To do that, I have downloaded the X chromosome file from 1000 genomes (ALL.chrX.phase3_shapeit2_mvncall_integrated_v1b.20130502.genotypes.vcf.gz). I have removed duplicated with bcftools and converted to plink binary with the following command in plink 1.9:
plink --bcf ALL.chrX.phase3_shapeit2_mvncall_integrated_v1b.20130502.genotypes.bcf --keep-allele-order --vcf-idspace-to _ --const-fid --allow-extra-chr 0 --split-x b37 no-fail --make-bed
Next, I modified the .bim files to change the polymorphisms ID so them where the same as their position, as a way to standarize their names. Then I filtered related individuals, also with plink and found the intersection of .bim files from 1000 genomes and my in-house dataset (a bed file with microarray genotyped variants only from X non PAR region), that was already filtered to contain only variants genotyped against the plus strand (without indels).

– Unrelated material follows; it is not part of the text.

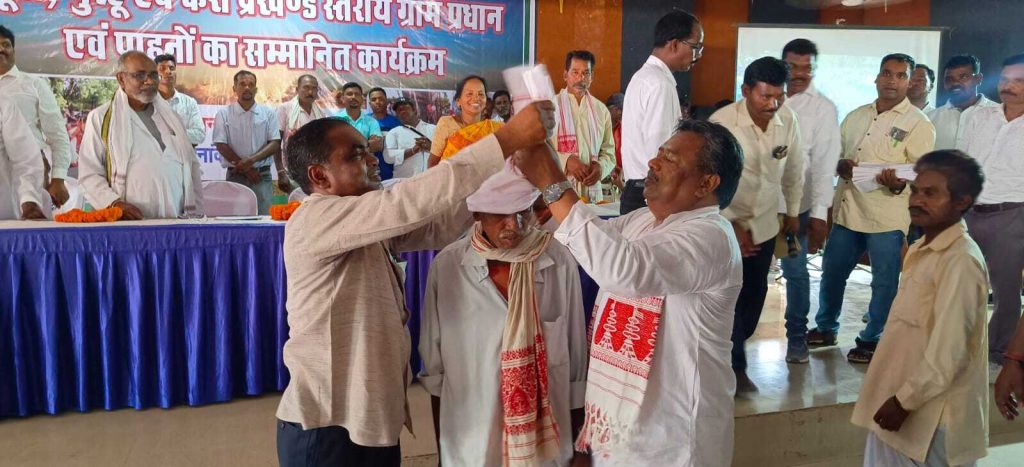 खूंटी. गांव के मुंडा, पहान, पुजार, ग्राम प्रधान को संगठित होने की जरूरत है. संगठित होकर ही धर्म, संस्कृति, जंगल, पहाड़ और नदी को बचाया जा सकता है. अब हम अपनी धर्म-संस्कृति की ओर जागरूक हो रहे हैं. उक्त बातें खूंटी विधायक नीलकंठ सिंह मुंडा सोमवार को नगर भवन में विधानसभा स्तरीय सरहुल मिलन संचालन समिति की ओर से आयोजित कर्रा, मुरहू और खूंटी के गांवों के ग्रामप्रधान, पहान और पुजार के सम्मान में आयोजित समारोह में बोल रहे थे. उन्होंने कहा कि ज्यादातर लोग सरना कोड की मांग कर रहे हैं. विधानसभा में जब सरना बिल आया था, तब उन्होंने अपनी बातों को रखा. बिल में आदिवासी/सरना में ओबलिक को हटाने का मांग रखी. इसके बाद उसे हटाया भी गया. उन्होंने कहा कि 1961 में आदिवासियों के लिए अलग कोड को हटा दिया गया. विधायक ने कहा कि उनका प्रयास है कि सभी लोगों का विकास करें. उसी प्रकार सरना समाज का भी विकास करना मेरा दायित्व है. उन्होंने बताया कि पिछले दिनों सरहुल मिलन समारोह में मुंडा, पहान, पुजार, ग्राम प्रधान को सम्मानित नहीं किया जा सका था. इस कारण आज उन्हें सम्मानित किया गया. इससे पहले विधायक ने मुरहू, कर्रा और खूंटी प्रखंड के ग्राम प्रधान, मुंडा, पहान-पुजार को पगड़ी पहनाकर स्वागत किया. इस अवसर पर गया मुंडा के वंशज रमय मुंडा को भी सम्मानित किया. समारोह को पूर्व नगर पंचायत अध्यक्ष अर्जुन पाहन, तेंबा उरांव, डहरू पाहन, हरि सिंह मुंडा, छुनकु मुंडा आदि ने संबोधित किया. स्वागत भाषण अनूप कुजूर ने किया. संचालन बिरसा धान और विनोद नाग ने किया. मौके पर विधायक प्रतिनिधि काशीनाथ महतो, रूपेश जायसवाल, राजेश महतो, सुरेश जायसवाल आदि उपस्थित थे.

Then I merged both datasets with the following plink command:
plink --bfile filename1 --bmerge filename2.bed filename2.bim filename2.fam --make-bed --out filemerged
That command generated a file with all the SNPS that would have more than 3 alleles in the merged file so I removed all them from both datasets and merged them again. On that merged file I pruned SNPs by linkage disequilibrium:
plink --bfile cromXmerged2 --indep-pairwise 50 10 0.1
, assign sample sex on the .fam file and filtered individual with missingnes higher than 10%:
plink --file mergedfile --mind 0.1 --make-bed --out
I also set all heterozigous calls as missing with –set-hh-missing plink command.

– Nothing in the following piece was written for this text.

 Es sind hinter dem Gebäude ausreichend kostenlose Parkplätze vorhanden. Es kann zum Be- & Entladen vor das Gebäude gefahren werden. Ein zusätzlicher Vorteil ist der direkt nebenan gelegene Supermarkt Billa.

With the final input I runned a supervised ADMIXTURE as following:
./admixture finalinput.bed 3 --haploid="male:23" --supervised -j4
Before running of course I created the finalinput.pop file in open office calc, by creating a list with the assigned population for each sample, with my in-house dataset left blanc. I just used african, european and east asian 1000 genomes samples because my own dataset has brazilian admixed samples. The final dataset has approximately 1500 SNPs and about 1600 individuals. My computer set up is CPU: i3-2370M with two cores, 4 [email protected] GHz, RAM 8 GB@1333 MHz and an SSD 120 GB Sata 3.0. OS Ubuntu 20.04 64 Bits.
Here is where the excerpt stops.